Les acteurs privés sont nombreux, déterminants dans la construction et les transactions (par an 370 000 logements neufs construits, un million de logements anciens vendus)2 : propriétaires fonciers, entreprises du bâtiment, aménageurs et promoteurs, architectes, investisseurs. De grands groupes comme Nexity, Altarea, Bouygues, Kaufman & Broad ou Icade développent plusieurs métiers (construction, commercialisation, gestion) et sous-traitants (équipements). Internationalisés, ils diffusent de nouveaux produits immobiliers comme les résidences fermées. Ils acquièrent ainsi un grand rôle dans la fabrique de la ville. De même, le marché de la location est de plus en plus structuré par des sociétés foncières ou immobilières, parfois promoteurs comme Altarea ou BNP Paribas Real Estate. Les banques et sociétés de crédits immobiliers sont des acteurs clés pour les ménages (environ 30 %). Certaines banques ou sociétés d’assurance développent des filiales immobilières, toutes proposent de la « pierre papier », prisée par les gestionnaires d’actifs. Des fédérations professionnelles (de promoteurs, géomètres-experts, syndics, etc.), comme la Fédération Nationale de l’Immobilier (FNAIM), influent sur les politiques nationales.

Les particuliers contribuent à modifier le logement par leurs stratégies résidentielles. 58 % des ménages sont propriétaires de leur résidence principale, 25 % locataires dans le parc privé, 18 % dans le parc social. Si les prix et les loyers ont quasi doublé en 20 ans, cette moyenne cache de fortes disparités. Seuls les ménages les plus aisés peuvent miser sur un accroissement de la rente foncière (induisant induration des beaux quartiers ou gentrification des grandes villes). Mais la plupart n’ont que les moyens de stratégies d’évitement de certains quartiers alors dépréciés. Des dispositifs de participation (certains obligatoires en matière d’urbanisme) permettent aux habitants de prendre part aux projets locaux. Mais seules quelques associations luttant pour le droit au logement, l’amélioration de l’habitat (Emmaüs, Droit Au Logement) pèsent à l’échelle nationale.

Enfin, les (re)localisations des entreprises ont un impact sur le logement, mais la dissociation entre lieux d’emploi et de résidence est croissante.
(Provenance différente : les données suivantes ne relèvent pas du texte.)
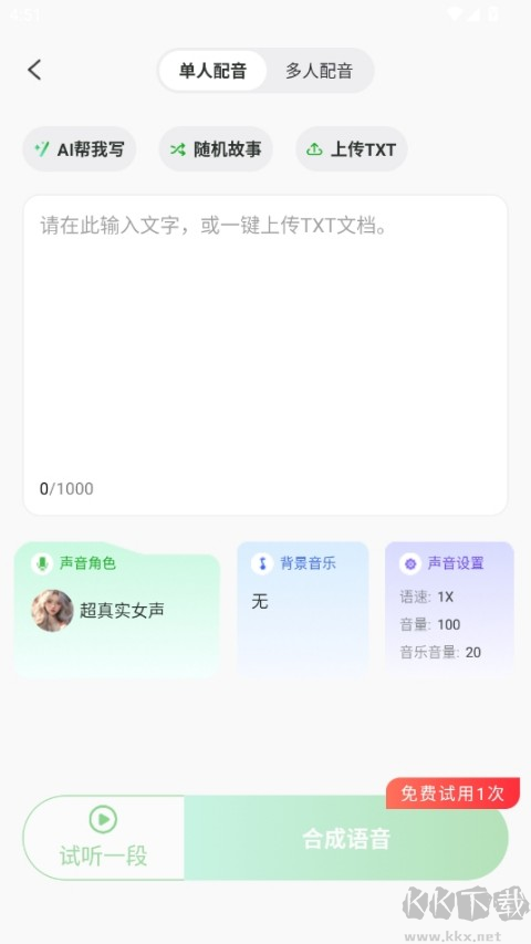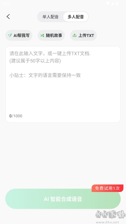 1、智能文字转语音:支持多语种转换与播报,提供多样音色选择。

Les voies de transports (et donc les Régions) conservent un rôle structurant. À la marge, les locations touristiques (Airbnb) accroissent la pénurie et le coût des logements dans des centres-villes.

Le logement concerne des acteurs nombreux aux enjeux divergents : assurer un droit au logement décent et cerner des besoins mouvants ; construire des logements accessibles et rentables en améliorant leur qualité environnementale ; favoriser la mixité sociale en maintenant un niveau d’aide publique acceptable.